Pyotr Borisovich Sheremetev (Пётр Бори́сович Шереме́тев; 1713–1788) was a Russian nobleman and courtier, the richest man in Russia aside from the tsar; he was the son of Boris Sheremetev.

When his father Boris died in 1719, tsar Peter promised to be "like a father" to Boris's children, and young Pyotr was brought up at court as a companion to the heir to the throne, who became tsar Peter II.
After a teenage career in the Guards, Sheremetev became a chamberlain to the Empress Anna, and then to the Empress Elizabeth. Under Catherine the Great, he became a senator and was the first elected Marshal of the Nobility. Unlike other court favourites, who rose and fell with the change of sovereign, Sheremetev remained in office for six consecutive reigns. ... He was one of Russia's first noblemen to be independent in the European sense.

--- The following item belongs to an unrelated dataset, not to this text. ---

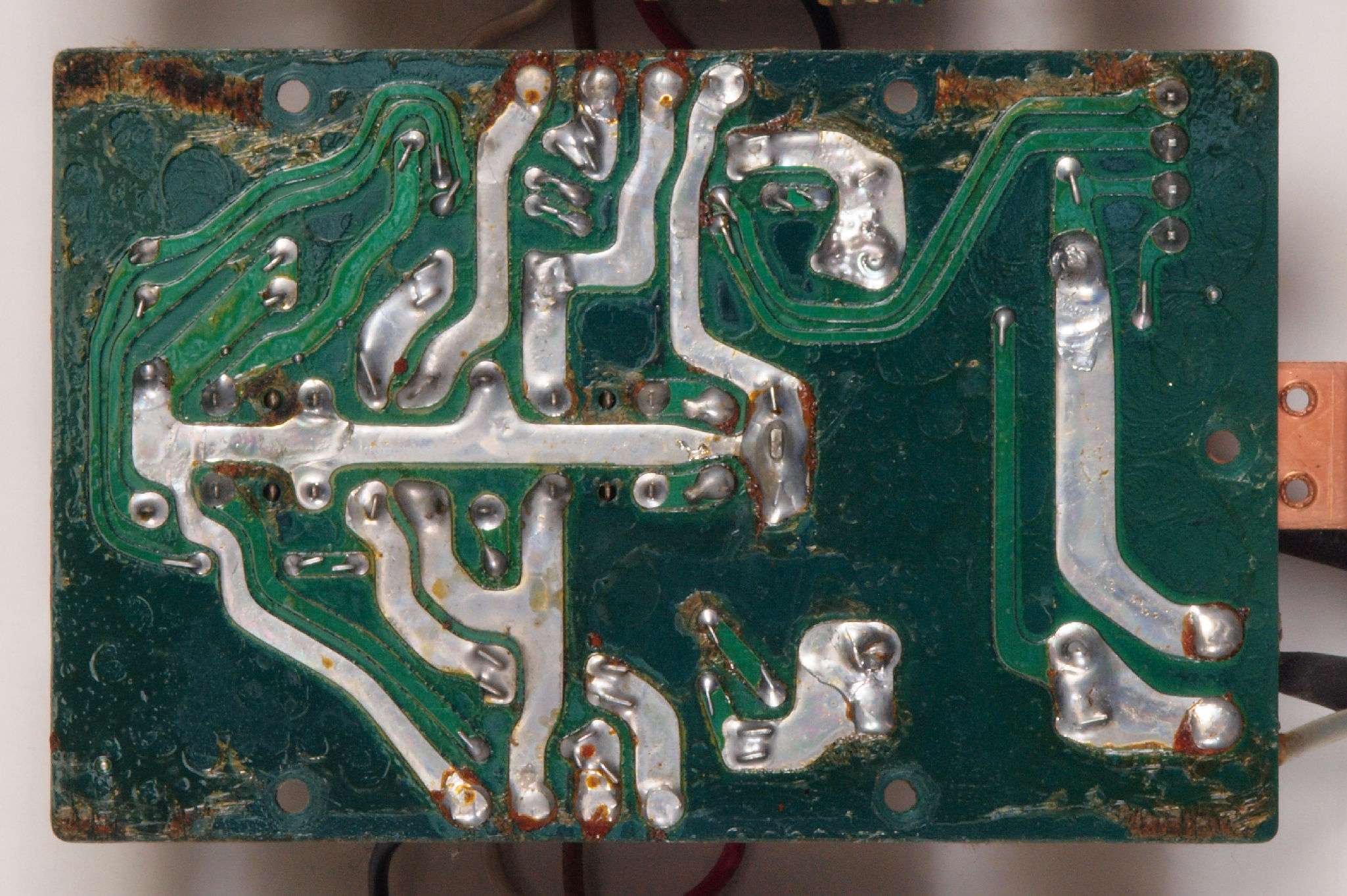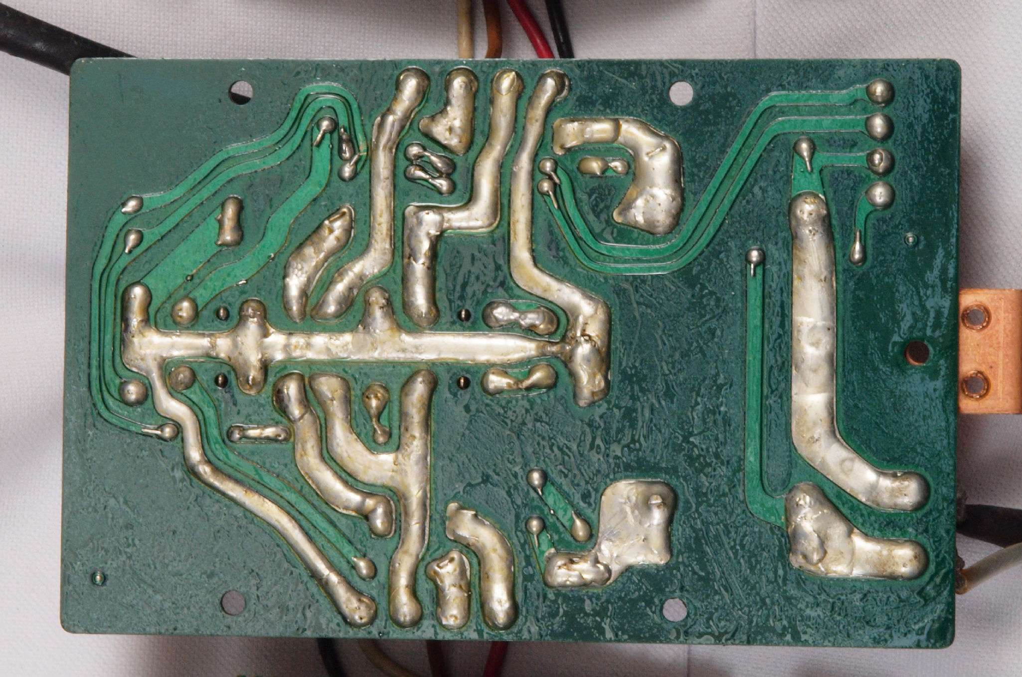 | C632. 修理中 +側バッファー・ドライブ基板裏。 定電圧TR(トランジスター)の足の銅箔を広げる。 | ||||||||||||||||||||||||||||||||||||||

He was a lover of art and theater, using his vast wealth to remodel the Sheremetev Palace (known as the "Fountain House") on the Fontanka Embankment and the family estate at Kuskovo, where he collected a gallery of portraits, and to create a famous serf orchestra.

He married Varvara Alekseevna Cherkasskaya, daughter of an important court official, who brought him an expensive dowry. Their son was Nikolai Sheremetev.